Data section
-------

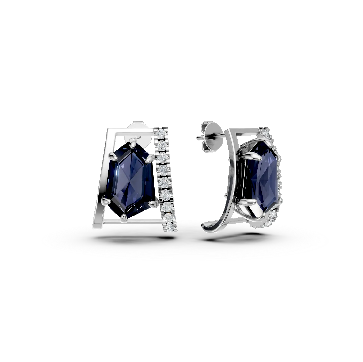 Cercei geometrici din aur alb cu topaze london blue hexagonale de 4.06ct si diamante de 0.2ct
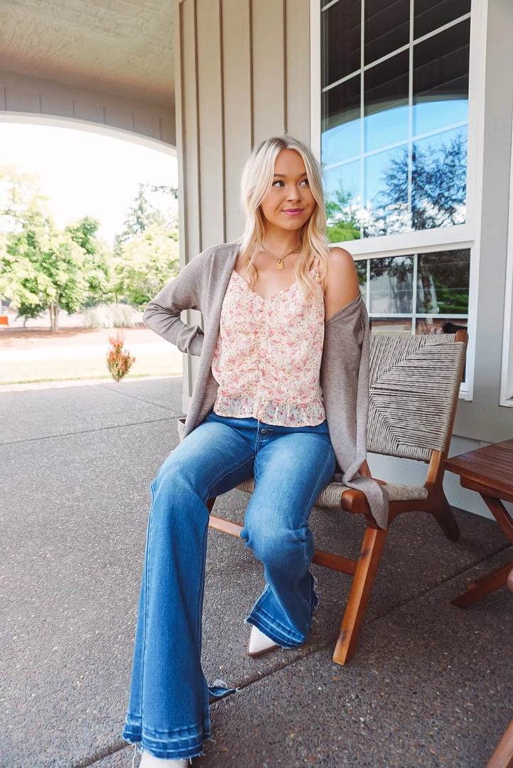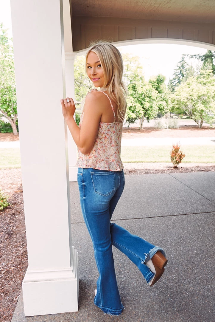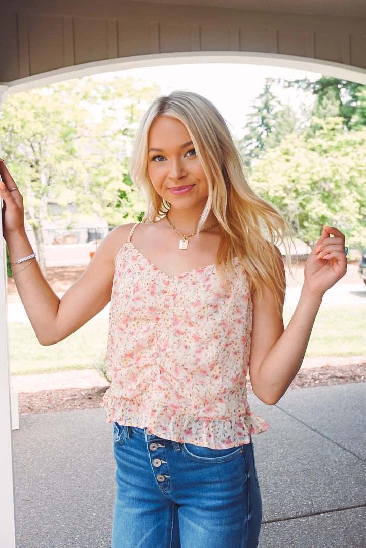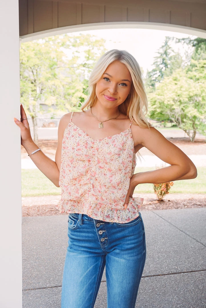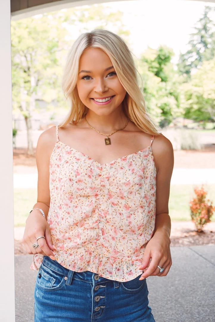 A cute little floral cami that can be worn by itself or styled as a mid-layer. Featuring a dainty floral print, ruched front detailing, adjustable cami straps, v neckline, and a ruffled hem. Pair with your favorite pants or denim for a easy-to-wear style & perfect summer look!
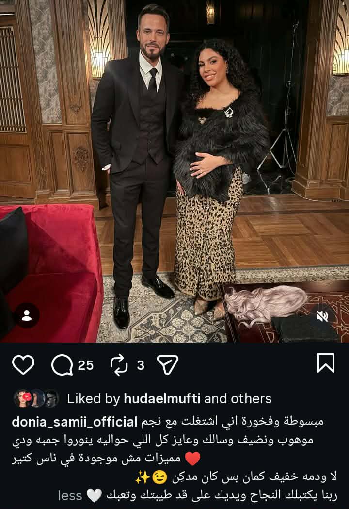 نشرت دنيا سامي صورة لها رفقة الفنان يوسف الشريف على حسابها الرسمي بموقع تبادل الصور والفيديوهات انستجرام، في منشور رصده موقع تحيا مصر، وعلقت عليه، قائلة: "مبسوطة وفخورة اني اشتغلت مع نجم موهوب ونضيف وسالك وعايز كل اللي حواليه ينوروا جمبه ودي مميزات مش موجودة في ناس كتير.. لا ودمه خفيف كمان بس كان مدين.. ربنا يكتبلك النجاح ويديك على قد طيبتك وتعبك".
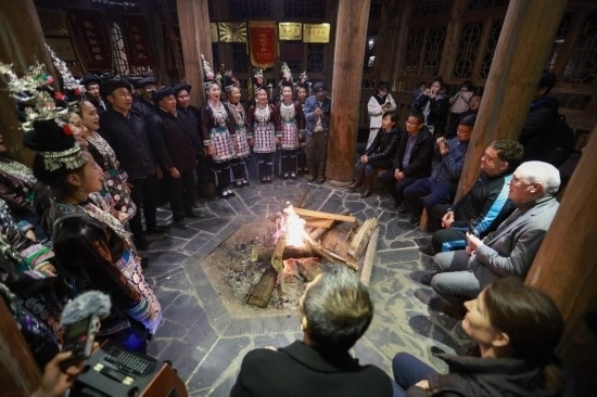 12月11日,榕江縣少數(shù)民族同胞用歌舞歡迎“學轉英超”培訓團隊。新華社記者 劉續(xù) 攝

-------

Exercise instructions
Exactly the lines from the line with "نشرت دنيا سامي" through the end of the data are to be reproduced, and no picture is to be included.

Solution to the exercise
 نشرت دنيا سامي صورة لها رفقة الفنان يوسف الشريف على حسابها الرسمي بموقع تبادل الصور والفيديوهات انستجرام، في منشور رصده موقع تحيا مصر، وعلقت عليه، قائلة: "مبسوطة وفخورة اني اشتغلت مع نجم موهوب ونضيف وسالك وعايز كل اللي حواليه ينوروا جمبه ودي مميزات مش موجودة في ناس كتير.. لا ودمه خفيف كمان بس كان مدين.. ربنا يكتبلك النجاح ويديك على قد طيبتك وتعبك".
 12月11日,榕江縣少數(shù)民族同胞用歌舞歡迎“學轉英超”培訓團隊。新華社記者 劉續(xù) 攝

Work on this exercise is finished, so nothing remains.